BEGIN DATASET

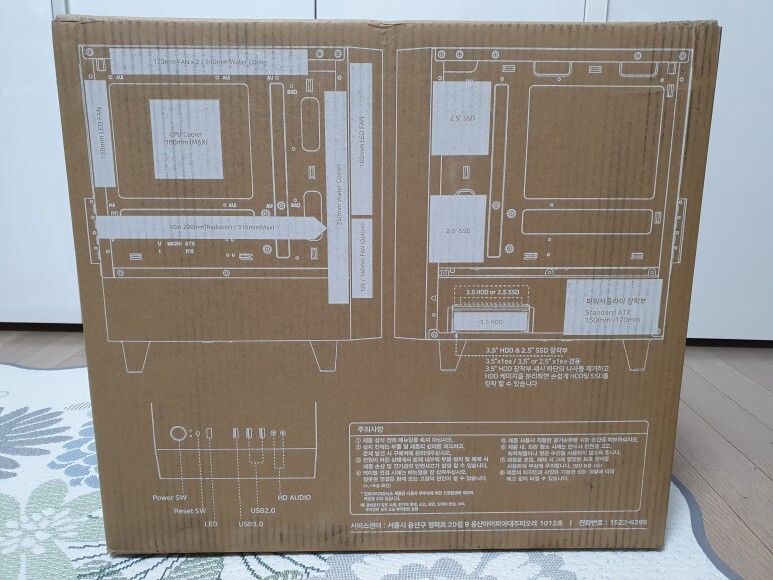 박스 뒷면에는 장착 가능한 쿨러규격, SSD, HDD 장착위치 등이 설명 되어 있습니다.
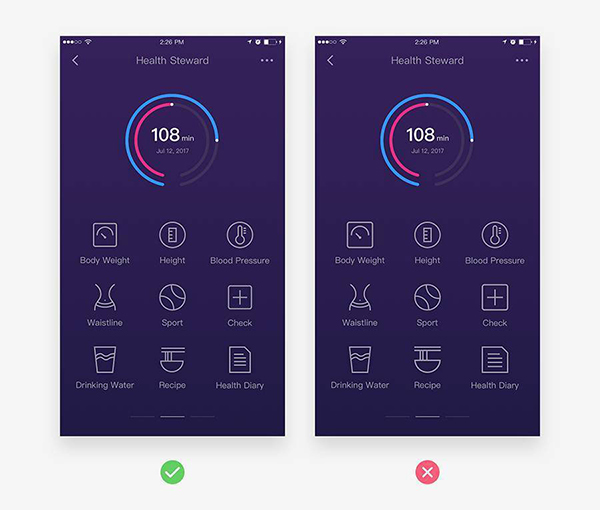 統一的圖標可以提升產品的品質感、信賴感,并且同一屬性的圖標如果保持樣式上的統一可以降低用戶認知成本,提升用戶的使用產品時的效率。由于應用界面設計中,功能圖標不是單獨的個體,都是一系列,但這些組合在一起代表產品的調性,所以具有相同的風格,其中包括造型規則、圓角大小,線框粗細,圖形樣式和個性細節等元素都應該具有統一的規范。
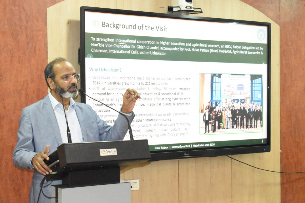 कृषि महाविद्यालय, इंदिरा गांधी कृषि विश्वविद्यालय, रायपुर में उज़्बेकिस्तान यात्रा के प्रमुख निष्कर्षों को साझा करने एवं अंतरराष्ट्रीय शैक्षणिक अवसरों को बढ़ावा देने के उद्देश्य से संगोष्ठी का आयोजन किया गया। यह कार्यक्रम विश्वविद्यालय के अंतरराष्ट्रीय शैक्षणिक सहयोग को सुदृढ़ करने के सतत प्रयासों का हिस्सा है।
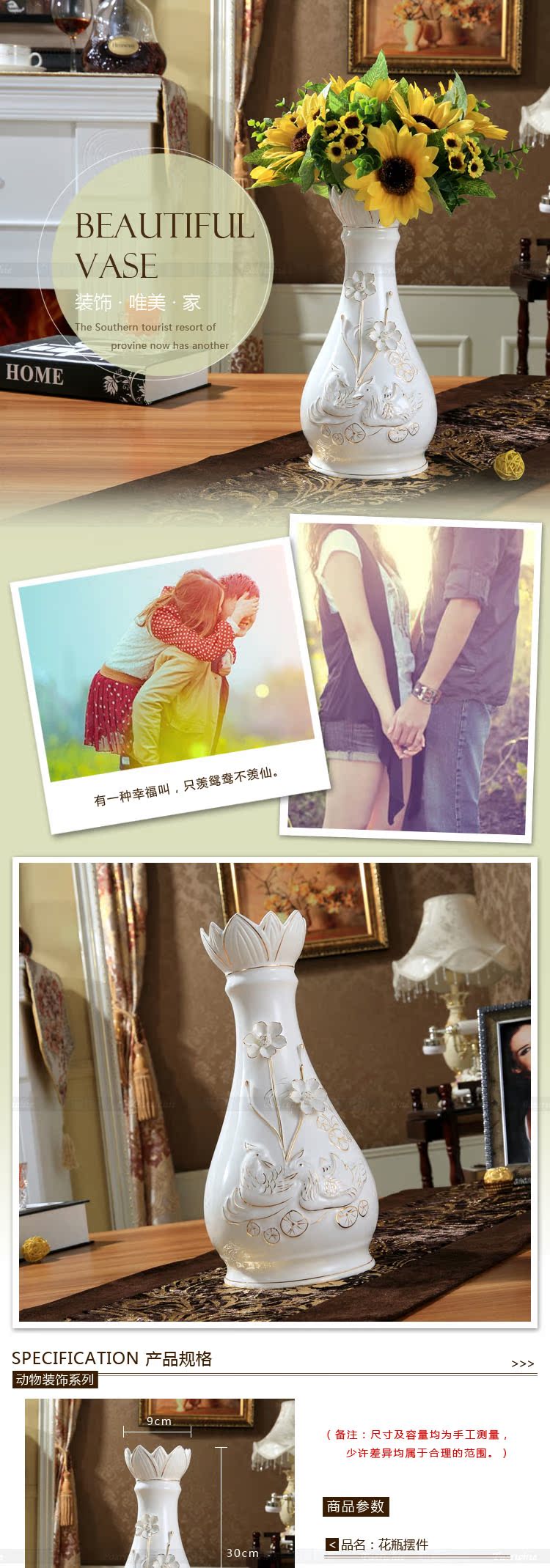 現代中式陶瓷花瓶鴛鴦戲水擺件桌面插花裝飾品水培瓷器創意家居
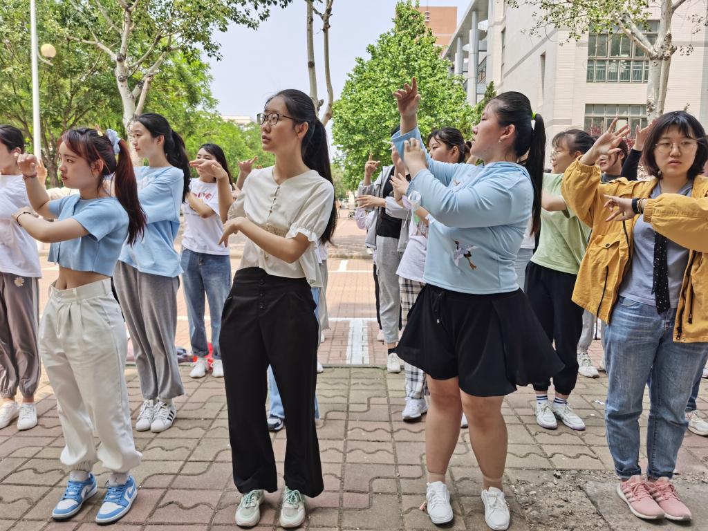 排练期间,同学们专注学习、互相交流,遇到不会的动作及时请教身边的同学,很快就学会了整套动作。正式拍摄时,伴随着激昂动听的音乐,同学们带着微笑的面孔,舞动着爱的手指,传播着爱的希望。传神的语言,舞动的姿态,无言的情感从同学们的指间流出,整齐划一的动作令人赏心悦目。同学们在聆听音乐、做手语舞的同时也在音乐与心灵的交融中受到了震撼,他们细细品味歌词的内涵,歌词讲述了在中国共产党的坚强带领下,中华儿女矢志不渝、奋发图强,为实现中华民族伟大复兴中国梦而不懈努力。此次活动同学们用无声的语言,表达了他们“感党恩,听党话,跟党走”的深厚情感,以自己独特的方式向党的100年华诞献礼!
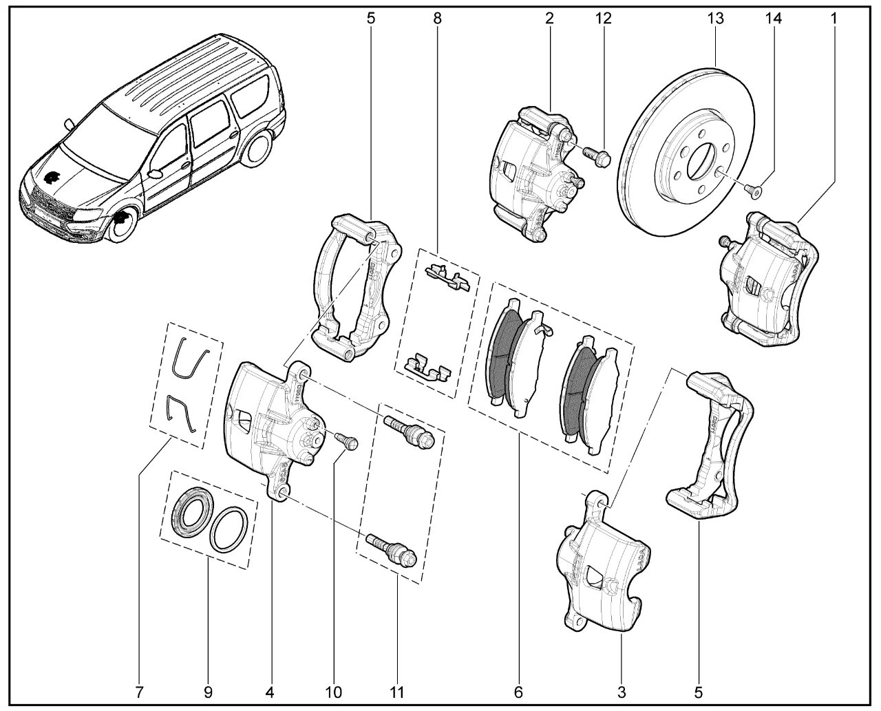 | 7 | Комплект пружин колодок переднего тормоза | 8460013699 | |
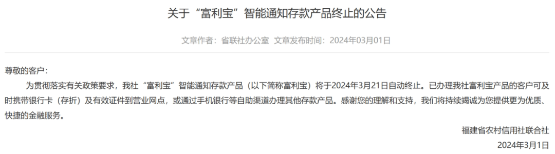 △图片来源:广发银行官网福建省农村信用社联合社今年3月1日,福建省农村信用社联合社发布《关于“富利宝”智能通知存款产品终止的公告》称,“富利宝”智能通知存款产品于2024年3月21日自动终止。随后,福州农商行、连江农商行、三明农商行等多家农商行、村镇银行相继跟进,于3月21日自动终止“富利宝”智能通知存款产品。

END DATASET

- _TASK INSTRUCTIONS_: Each line of the data should be printed again exactly. Please leave pictures out.

- _TASK RESPONSE_:
 박스 뒷면에는 장착 가능한 쿨러규격, SSD, HDD 장착위치 등이 설명 되어 있습니다.
 統一的圖標可以提升產品的品質感、信賴感,并且同一屬性的圖標如果保持樣式上的統一可以降低用戶認知成本,提升用戶的使用產品時的效率。由于應用界面設計中,功能圖標不是單獨的個體,都是一系列,但這些組合在一起代表產品的調性,所以具有相同的風格,其中包括造型規則、圓角大小,線框粗細,圖形樣式和個性細節等元素都應該具有統一的規范。
 कृषि महाविद्यालय, इंदिरा गांधी कृषि विश्वविद्यालय, रायपुर में उज़्बेकिस्तान यात्रा के प्रमुख निष्कर्षों को साझा करने एवं अंतरराष्ट्रीय शैक्षणिक अवसरों को बढ़ावा देने के उद्देश्य से संगोष्ठी का आयोजन किया गया। यह कार्यक्रम विश्वविद्यालय के अंतरराष्ट्रीय शैक्षणिक सहयोग को सुदृढ़ करने के सतत प्रयासों का हिस्सा है।
 現代中式陶瓷花瓶鴛鴦戲水擺件桌面插花裝飾品水培瓷器創意家居
 排练期间,同学们专注学习、互相交流,遇到不会的动作及时请教身边的同学,很快就学会了整套动作。正式拍摄时,伴随着激昂动听的音乐,同学们带着微笑的面孔,舞动着爱的手指,传播着爱的希望。传神的语言,舞动的姿态,无言的情感从同学们的指间流出,整齐划一的动作令人赏心悦目。同学们在聆听音乐、做手语舞的同时也在音乐与心灵的交融中受到了震撼,他们细细品味歌词的内涵,歌词讲述了在中国共产党的坚强带领下,中华儿女矢志不渝、奋发图强,为实现中华民族伟大复兴中国梦而不懈努力。此次活动同学们用无声的语言,表达了他们“感党恩,听党话,跟党走”的深厚情感,以自己独特的方式向党的100年华诞献礼!
 | 7 | Комплект пружин колодок переднего тормоза | 8460013699 | |
 △图片来源:广发银行官网福建省农村信用社联合社今年3月1日,福建省农村信用社联合社发布《关于“富利宝”智能通知存款产品终止的公告》称,“富利宝”智能通知存款产品于2024年3月21日自动终止。随后,福州农商行、连江农商行、三明农商行等多家农商行、村镇银行相继跟进,于3月21日自动终止“富利宝”智能通知存款产品。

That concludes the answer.